His argument is less about Trump and more about strategic positioning in an increasingly fragmented global order. As Faisal frames it: “As Canadian Prime Minister Mark Carney said at the WEF annual meeting at Davos, ‘if you are not at the table, you are on the menu’. Should Pakistan not be at the table of the Board of Peace?”
A similar, though more restrained, interpretation is offered by journalist and political commentator Nasim Zehra, who sees Pakistan’s participation as exploratory rather than ideological. According to her, “For now, the so-called ‘board’ remains only a Trumpian idea, to which Pakistan, like others, has been invited. Accepting such an invitation means merely checking out -- not endorsing -- Trump’s fantasy”.

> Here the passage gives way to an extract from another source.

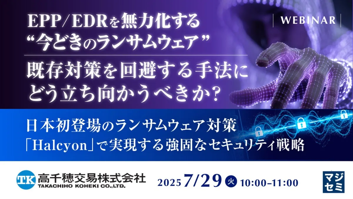現在の状況を打破すべく、マジセミが主催するウェビナーでは「Halcyon」を紹介します。このプラットフォームは、他の対策で防げない領域をカバーし、新たな防御モデルを提供します。具体的には、ランサムウェア感染の最適解として機能し、万が一の際にも迅速な復旧を可能にします。例えば、Halcyonは従来の防御方法では難しい未知の攻撃に対しても柔軟に対応することができ、企業のセキュリティを一層強固にするための貴重なツールとなるでしょう。

Zehra emphasises that Pakistan’s normative anchors remain intact: its position, she says, “remains anchored in the UN Charter and UN Security Council resolutions”, a stance reflected in Pakistan’s responses ranging from the attack on Iran to Israel’s genocide in Gaza “and in its unwavering commitment to an independent Palestinian state with Jerusalem as its capital”.

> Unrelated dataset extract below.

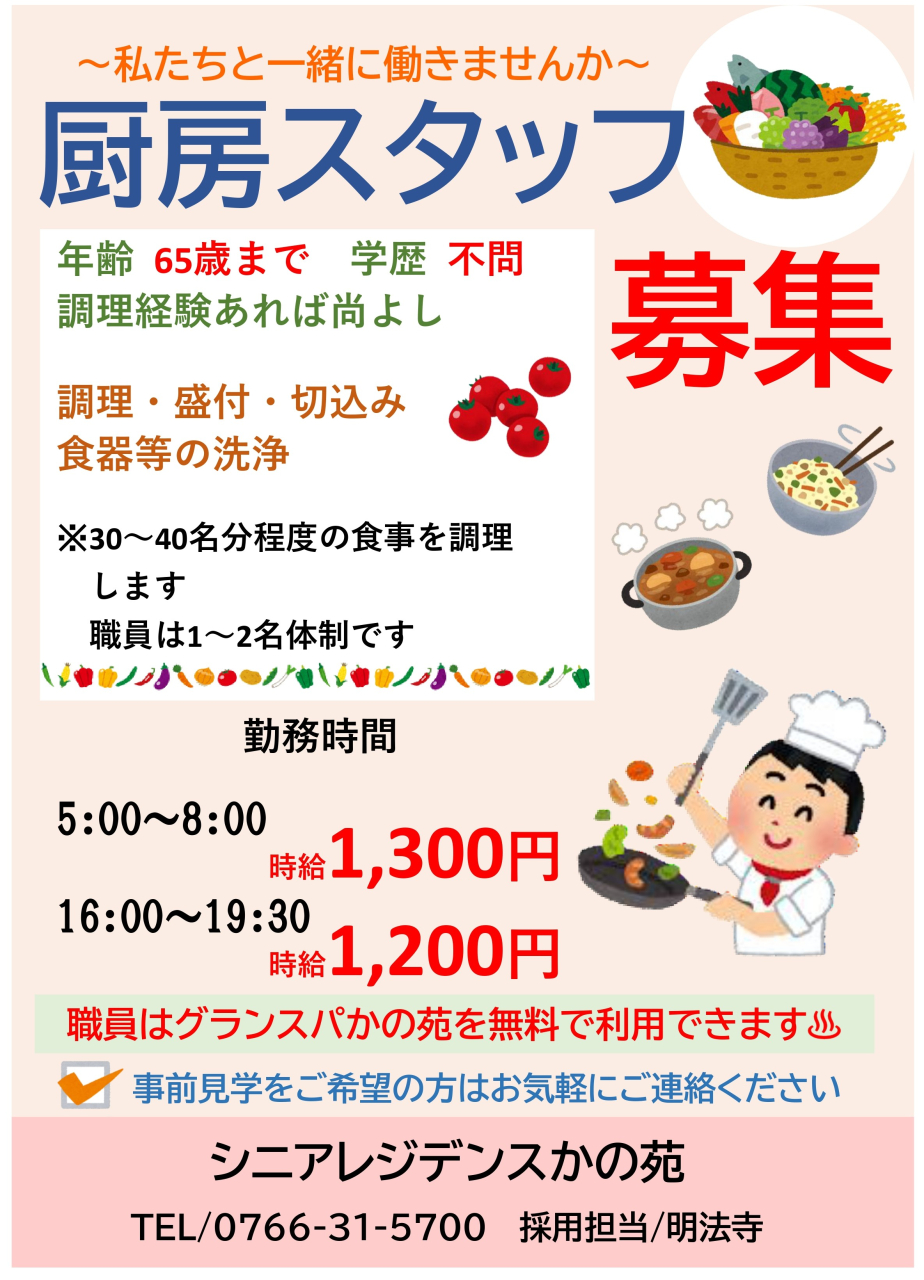 | 福利厚生 | ・退職金制度あり(試用期間終了後) ・各種社会保険完備 ・育児休業・介護休業制度あり(取得実績あり) ・グランスパかの苑の温泉が無料で入れます(職員のみ) |

From a technical standpoint, former ambassador Asif Durrani adds an important clarification: the Board of Peace, he notes, “is a provision of UN Security Council Resolution 2803, adopted in November 2025. Therefore, Pakistan’s acceptance of President Trump’s invitation is in accordance with the above resolution”. However, he also flags a major ambiguity -- that the “TORs of the Board of Peace are yet to be defined”. For Durrani, the board’s real test will lie not in its rhetoric but in its capacity to “muster financial resources for the reconstruction of Gaza and the rehabilitation of Palestinians”.
Yet the absence of parliamentary debate and public consultation has opened the government to domestic criticism. According to Tehreek-e-Tahaffuz Ayin-e-Pakistan (TTAP) leader Mustafa Khokhar, “Pakistan’s decision to join the Board of Peace without any public debate or input by the parliament smacks of the disregard this regime has of the Pakistani nation”. Khokhar goes further, branding the board a “colonial enterprise to not only govern Gaza but create a parallel system to the UN”, warning that its charter gives Trump “czarist powers to implement his personal as well as US agenda without any mechanism to prevent such one-sided outcome”.

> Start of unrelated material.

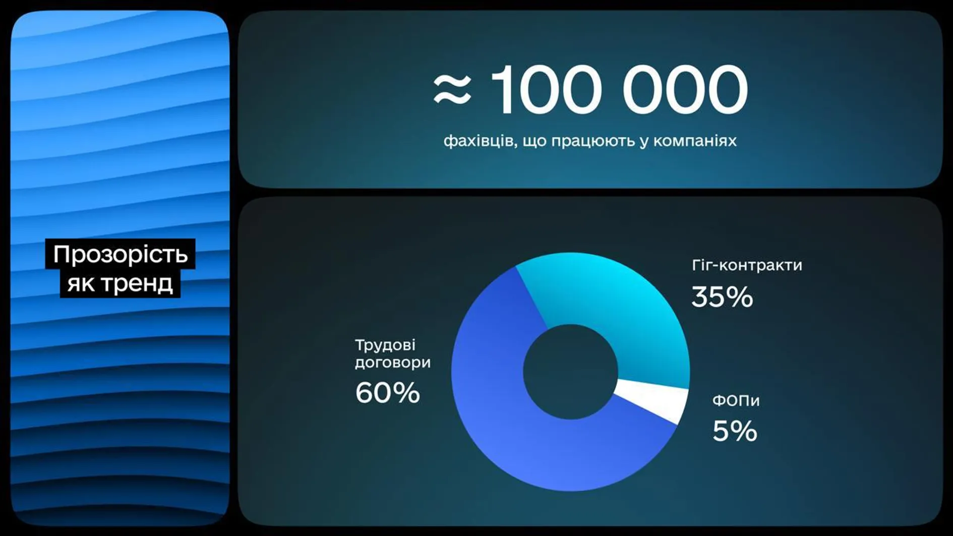 - среди работников резидентов – 60% на трудовых договорах, 35% – на гиг-контрактах, 5% – на ФЛП, что положительно оценивает Федоров.

On the other hand, proponents of Pakistan’s joining the board, as well as security sources, point to the participation of other Muslim countries as validation of Pakistan’s choice, calling it a pragmatic step towards a political solution to the Gaza genocide. They argue that the move aligns with Pakistan’s tradition of engagement in multilateral forums, reinforcing its image as a country capable of acting as a bridge for peace -- particularly since Pakistan is among a handful of states without disputes with any major global power.
Security sources further argue that Pakistan’s participation does not signal any shift in core policy positions including Pakistan’s stance on Gaza and Kashmir. They also reject comparisons with Pakistan’s role in other security arrangements, noting that on this being likened to joining the ISF, Pakistan has been very clear regarding its engagement in ISF: any engagement in ISF will be in accordance with national interest, UN mandate and per the aspirations of the people of Pakistan and Palestine.